Does Deceptive Marketing Pay? The Evolution of Consumer Sentiment Surrounding a Pseudo-Product-Harm Crisis (J. Business Ethics 2019)

Song, Reo, Ho Kim, Gene Moo Lee, and Sungha Jang (2019) Does Deceptive Marketing Pay? The Evolution of Consumer Sentiment Surrounding a Pseudo-Product-Harm CrisisJournal of Business Ethics, 158(3), pp. 743-761.

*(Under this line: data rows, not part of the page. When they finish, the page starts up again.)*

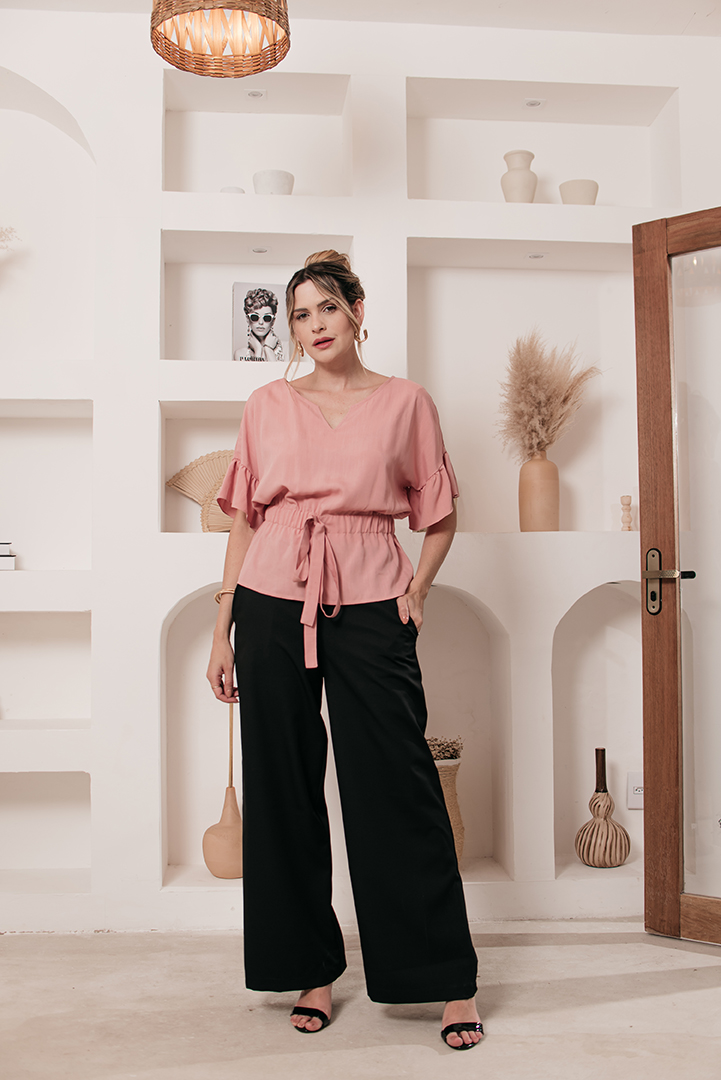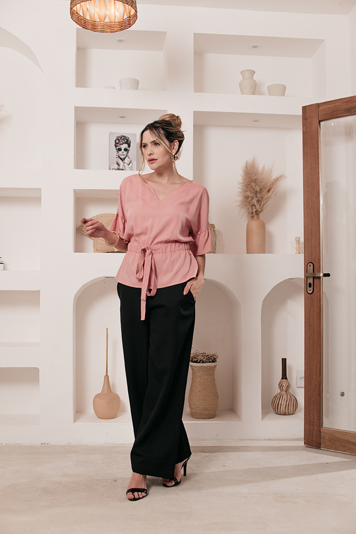 BLUSA LEA FRANZIDO NA CINTURA E FAIXA LAÇO EM VISCOLINHO ROSA
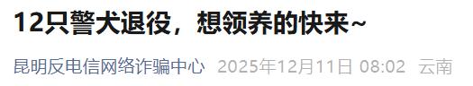 根据《中华人民共和国动物防疫法》《城市养犬管理规定》等相关法律法规,现将昆明市公安局2025年退役警犬公开领养工作相关事宜公告如下:
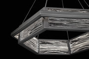 The rhythm of moonlight on the sea is captured within the molded glass lens floating inside the frame. Integral LEDs backlight the glass for a stunning luminous effect, like reflections of moonlight on waves.
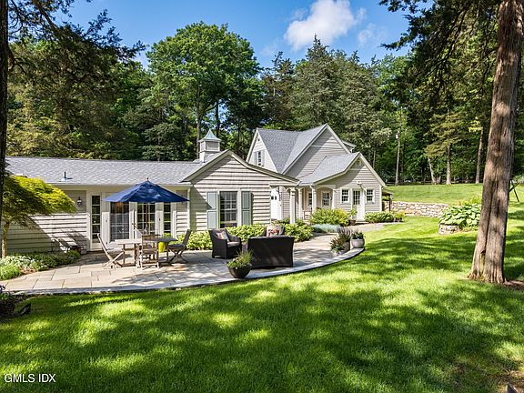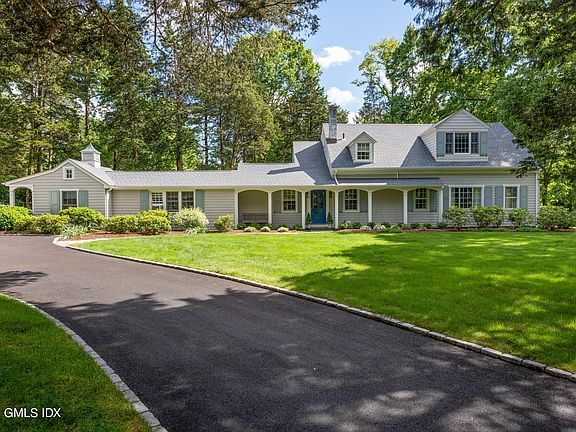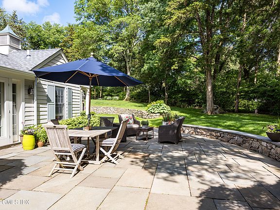 Charm abounds in this spectacular turn key home on a gorgeous, landscaped acre in North Street school district. Extraordinary and very large Great Room with over 10 ft Coffered Ceiling & large FP. Family room with beamed vaulted ceiling & French doors opens to lovely large terrace surrounded by perennial gardens. Den/office with wet bar. Formal dining room with bay window. Modern farmhouse-style kitchen includes large breakfast area with built-in banquette and French doors leading to the terrace. A terrific mudroom & separate laundry room both have handsome brick floor. Master bedroom & bath plus 3 bedrooms, 1 hall bath, downstairs powder room. 2 car detached garage with attic storage and attached first floor studio. Beautiful home in an excellent location.
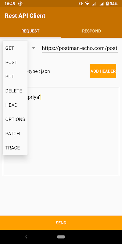 - Request and check response of REST API with GET, POST, PUT, DELETE, PATCH, OPTIONS, HEAD and TRACE methods.
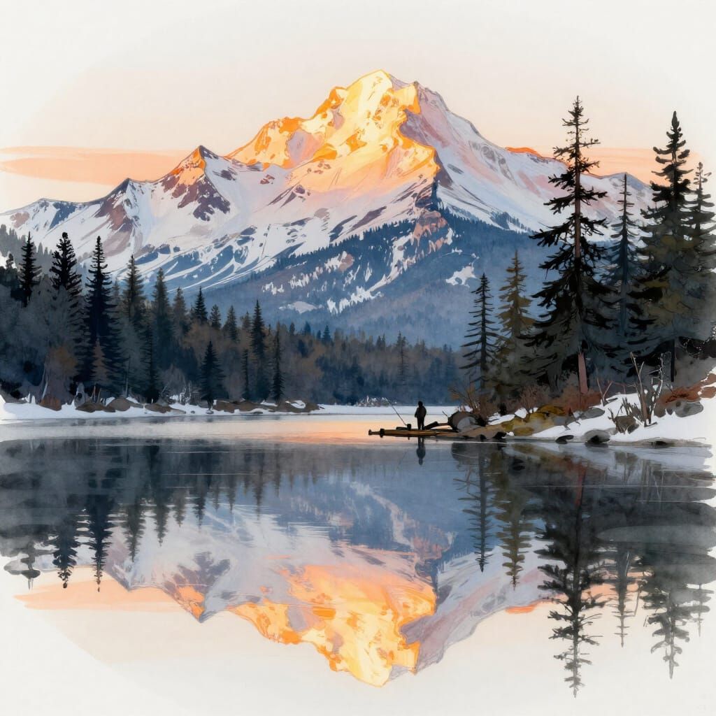 This image depicts a lone fisherman on a lake at sunset, with snowy mountains and forests reflected in the water, rendered in a sketch style.
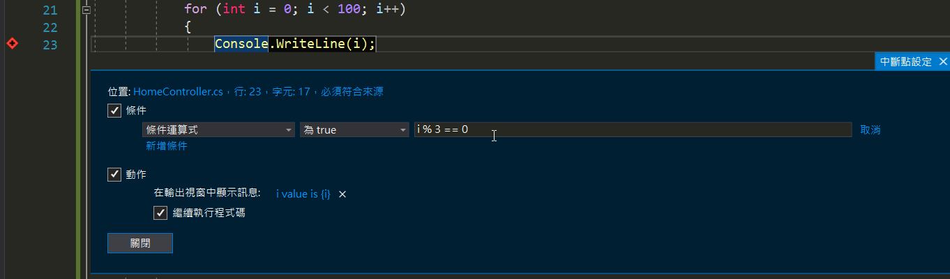 中斷點可以設定觸發的條件,對於迴圈的檢查情境下,只有當屬性符合特定的規則才會觸發中斷點,可以加速除錯的步驟。
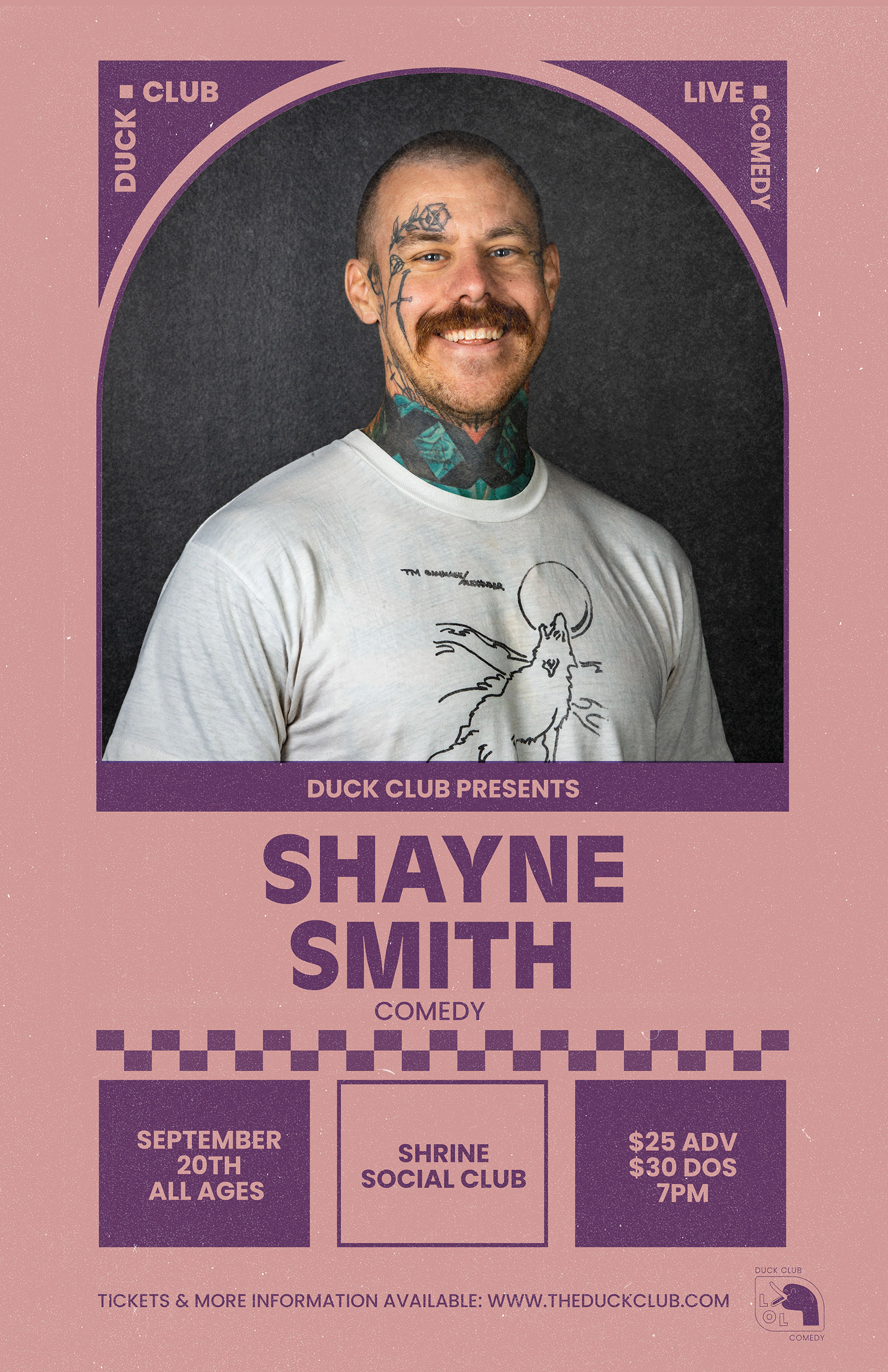Shayne Smith is a Utah-born comedian, writer, podcaster, and musician whose raw, story-driven comedy has earned him a devoted following. After launching his stand-up career in 2014, he quickly amassed accolades including runner-up in Wiseguys’ 2015 “Funniest Person in Utah” contest and Best Alternative Comedian of 2016 by City Weekly. He went on to release a string of acclaimed specials: Prison for Wizards (2018), Alligator Boys (2019), The Animal (2021), Banned from Karate (2023), and most recently Ghosts Are Real (January 2025). Alongside his specials, Shayne contributes to One Blade Magazine and fronts the band Painted Devils all while touring sold-out venues nationwide.
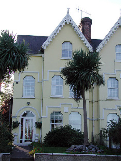 Semi-detached three-bay three-storey house, built 1892, with two-bay three-storey gabled projection to front elevations and round-headed entrance; set back behind railings.
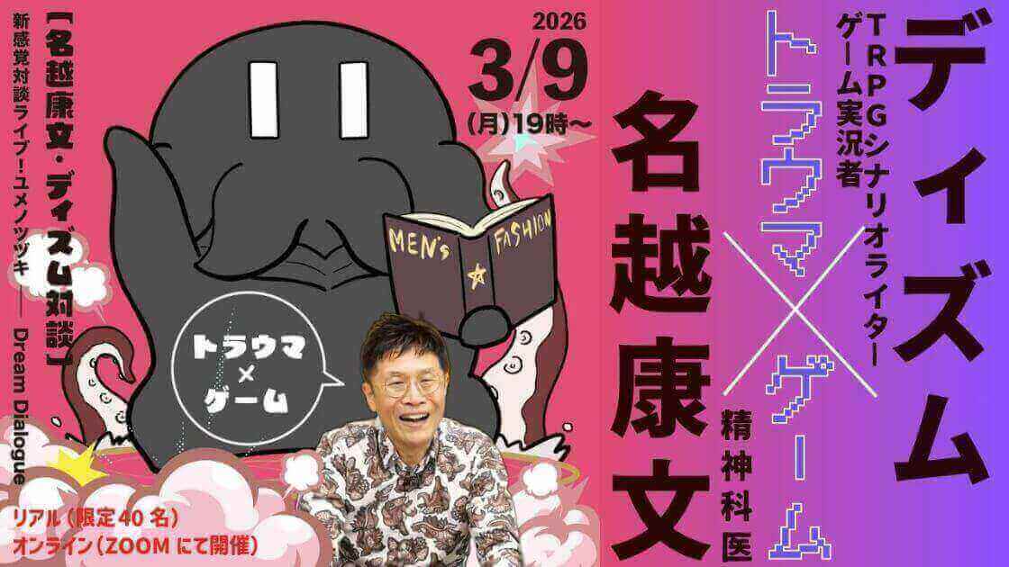 【リアル参加】2026年3月9日開催:トラウマ×ゲーム(名越康文・ディズム対談)(ユメノツヅキ)
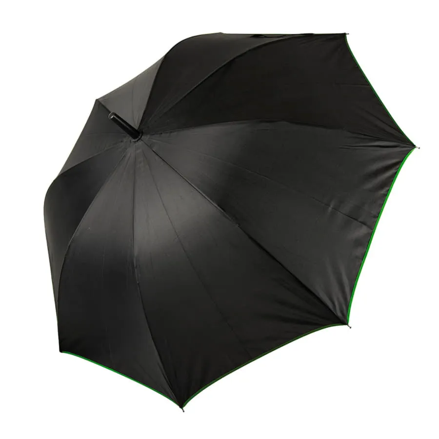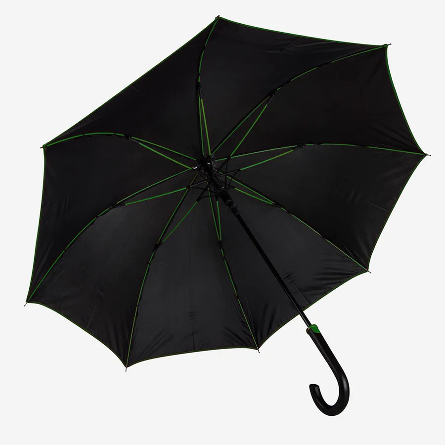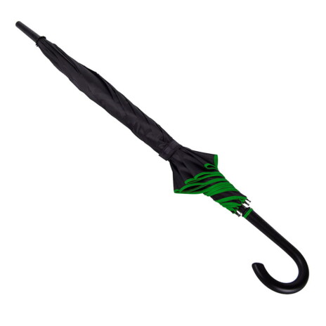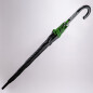 Зонт-трость с пластиковой ручкой, полуавтомат.Диаметр купола: 103 см, длина стержня 85 см.Состав купола: 100% полиэстер 190TСостав стержня: металл.Состав спиц: стекловолокно.Ручка пластик. Цвет купола: чёрный + кант зелёного цвета.
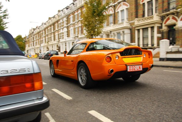 A teszt javarészt abból állt, hogy a szalont vezető Richard Hackett kivitt a szervizhez egy Blenheimben, ott hosszasan előtúrtak egy próbarendszámot a Fighterre (és módszeresen leragasztották szigszalaggal az eredeti rendszámát), majd beültünk, és a kora délutáni londoni dugóban visszahatoltunk a Kensington High Street-i szalonhoz. Akadtak hosszabb háztömbök, ahol kicsit rálépett a gázra – hát ez szaggat. És penetráns, földöntúli géphangja van. Az ember nem úgy érzi, hogy közel ül a motorhoz, hanem inkább mintha ő maga lenne benne valami jelentéktelen alkatrész. Nem szép a hang, inkább lenyűgöző. Hiszen, mint tudjuk, szép hangja a V8-nak van, a V10 inkább gyilkos.
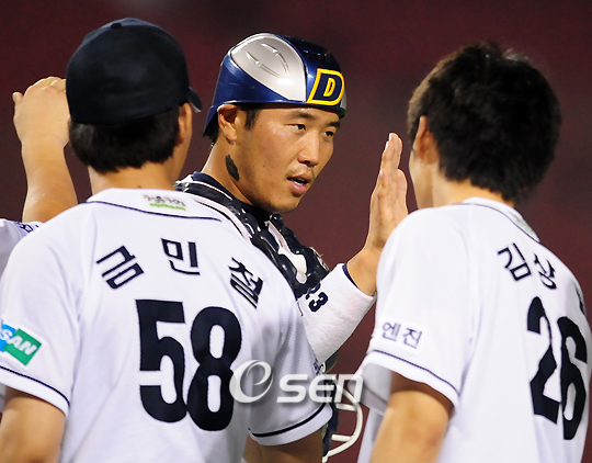 '2008 삼성 PAVV 프로야구' 두산 베어스와 SK 와이번스의 경기가 17일 잠실구장에서 벌어졌다. 이 날 두산은 선발 랜들의 6이닝 1실점 호투와 김현수의 2타점 역전 결승타에 힘입어 6-2로 승리를 거두며 SK 와이번스를 제압하는 동시에 9연승 가도를 달렸다. 경기를 마치고 8회말 2타점을 올린 두산 최승환 포수가 금민철, 김상현과 하이파이브를 하고 있다./잠실=민경훈 기자 rumi@osen.co.kr
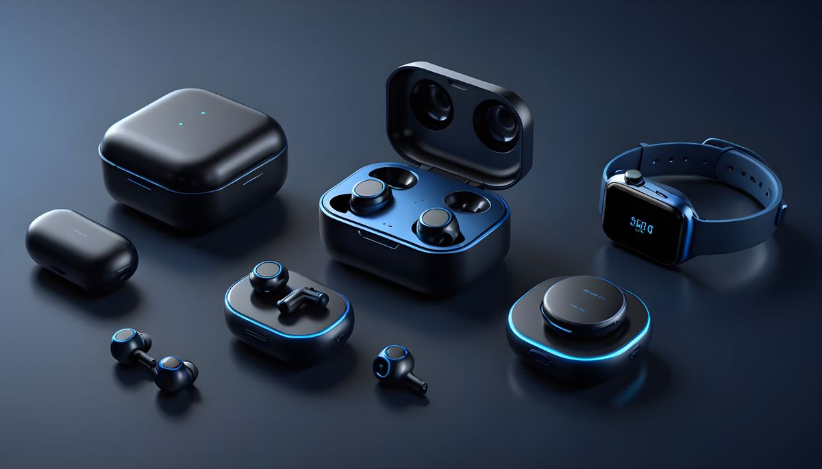 This image shows a banner design for a tech accessories brand. Premium gadgets such as earbuds and smartwatches float against a futuristic gradient backdrop with neon accents, rendered with photorealism.
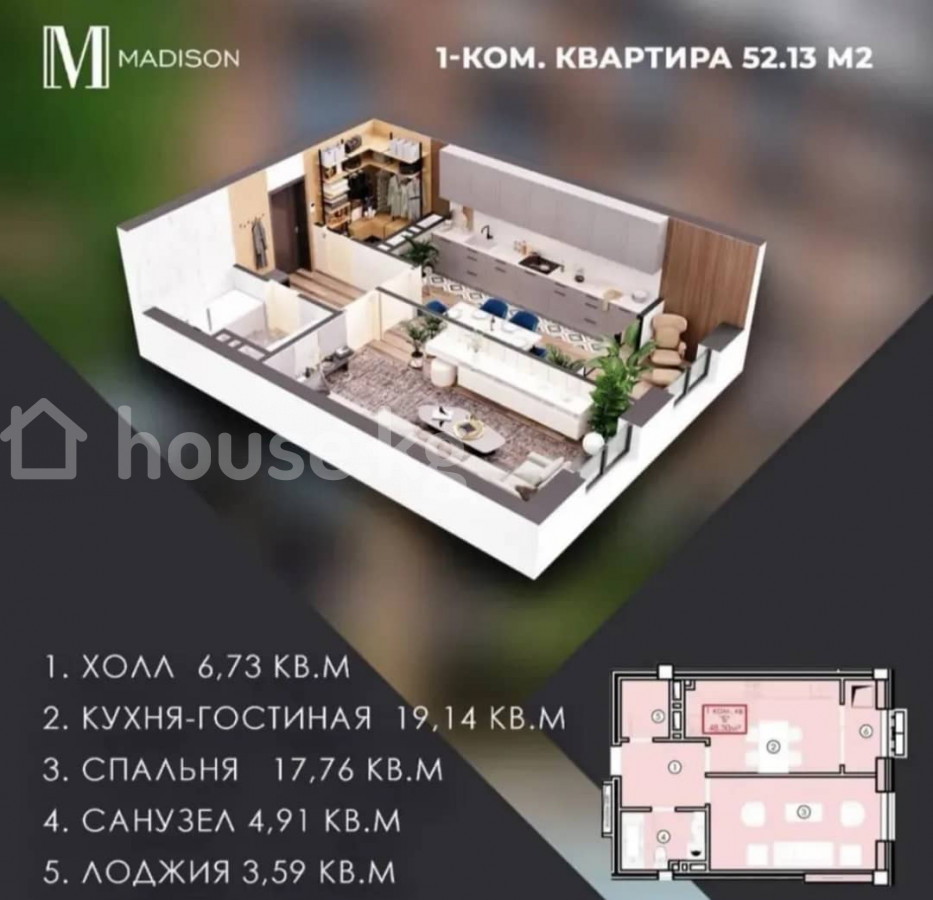 Продается 1- комнатная квартира 📍Адрес:Боконбаева- Шевченко 🏗Застройщик: Cap Stroy 🏢 Жилой Комплекс: Madison 🏛Серия: Элитка 🏬Этаж/Этажность: 8/16 📐Площадь: 52м2 💧Коммуникации: Центральные ♨Отопление:Центральное 🚪Состояние квартиры: ПСО февраль 2026 🚽Сан узел: Совмещённый 📃Документы: ДДУ, Красная книга 💵 Цена: 77,000$ ID0020 Адилет
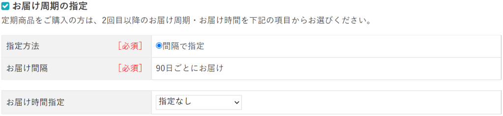 つぎに、お支払い方法とお届け周期を指定します。
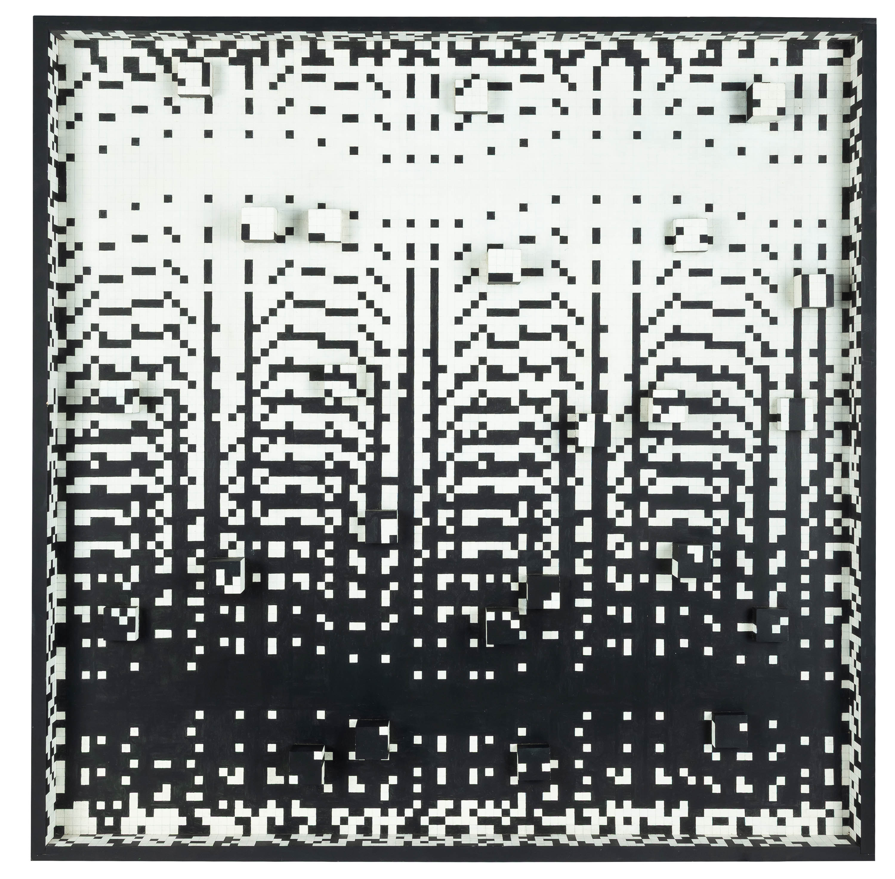 drewno, akryl, ołówek, pilśnia, 102 x 102 x 5cm, sygn.: na odwrocie napis ołówkiem Winiarski 24/17, metka z numerem CU//158/2025 Do obiektu dołączony certyfikat potwierdzający autentyczność od córki artysty z 2024 roku.
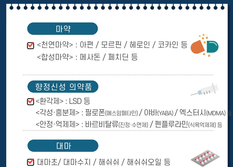 복용 및 소지 시 - "마약류 관리에 관한 법률" 위반에 따라 처벌! - 분미림편
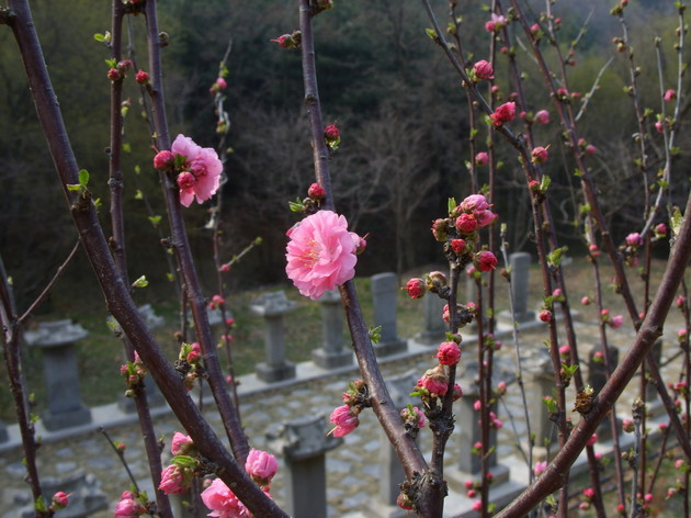남문으로 향하는길 옆에 홍매화가 다소곳이 수줍어 하는듯 합니다.
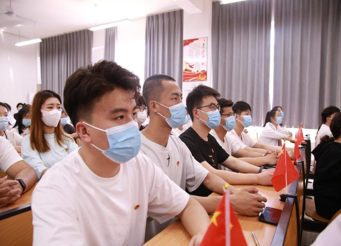 大会开始,党伟老师强调青年兴则国家兴,青年强则国家强,青年团员要增强“四个意识”、坚定“四个自信”、做到“两个维护”,弘扬“爱国、进步、民主、科学”的五四精神,砥砺前行、奋发有为。接下来,郭梦垚老师宣读新团员名单,刘士鹏老师为新团员颁发了团章、团员证和团徽。随后在庄严的宣誓仪式中,新团员跟随团务部负责人赵士清高举右拳,庄严宣读入团誓词,铿锵有力的誓词回荡在现场每一位青年心中。新团员代表刘婧怡进行发言,她说要时刻保持团员的先进性,积极为广大同学服务,时刻以团员的标准严格要求自己,力争成为一名优秀的共青团员。最后,郭梦垚老师带大家重温一百年来中国青年运动的光辉历程,对新发展团员做出展望,希望广大青年继承和发扬伟大五四精神,以实际行动迎接党的二十大胜利召开。

The slandering of a firm’s products by competing firms poses significant threats to the victim firm, with the resulting damage often being as harmful as that from product-harm crises. In contrast to a true product-harm crisis, however, this disparagement is based on a false claim or fake news; thus, we call it a pseudo-product-harm crisis. Using a pseudo-product-harm crisis event that involved two competing firms, this research examines how consumer sentiments about the two firms evolved in response to the crisis. Our analyses show that while both firms suffered, the damage to the offending firm (which spread fake news to cause the crisis) was more detrimental, in terms of advertising effectiveness and negative news publicity, than that to the victim firm (which suffered from the false claim). Our study indicates that, even apart from ethical concerns, the false claim about the victim firm was not an effective business strategy to increase the offending firm’s performance.

A Friend Like Me: Modeling Network Formation in a Location-Based Social Network (JMIS 2016)

Lee, Gene Moo*, Liangfei Qiu*, Andrew B. Whinston* (2016) A Friend Like Me: Modeling Network Formation in a Location-Based Social Network, Journal of Management Information Systems 33(4), pp. 1008-1033. (* equal contribution)

  • Best Paper Nomination at HICSS 2016
  • Presented in WITS (Auckland, New Zealand 2014), and WISE (Auckland, New Zeland 2014), HICSS (Kauai, HI 2016)
  • Dissertation Paper #2

This article studies the strategic network formation in a location-based social network. We build an empirical model of social link creation that incorporates individual characteristics and pairwise user similarities. Specifically, we define four user proximity measures from biography, geography, mobility, and short messages. To construct proximity from unstructured text information, we build topic models using Latent Dirichlet Allocation. Using Gowalla data with 385,306 users, 3 million locations, and 35 million check-in records, we empirically estimate the model to find evidence on the homophily effect on network formation. To cope with possible endogeneity issues, we use exogenous weather shocks as our instrumental variables and find the empirical results are robust: network formation decisions are significantly affected by our proximity measures.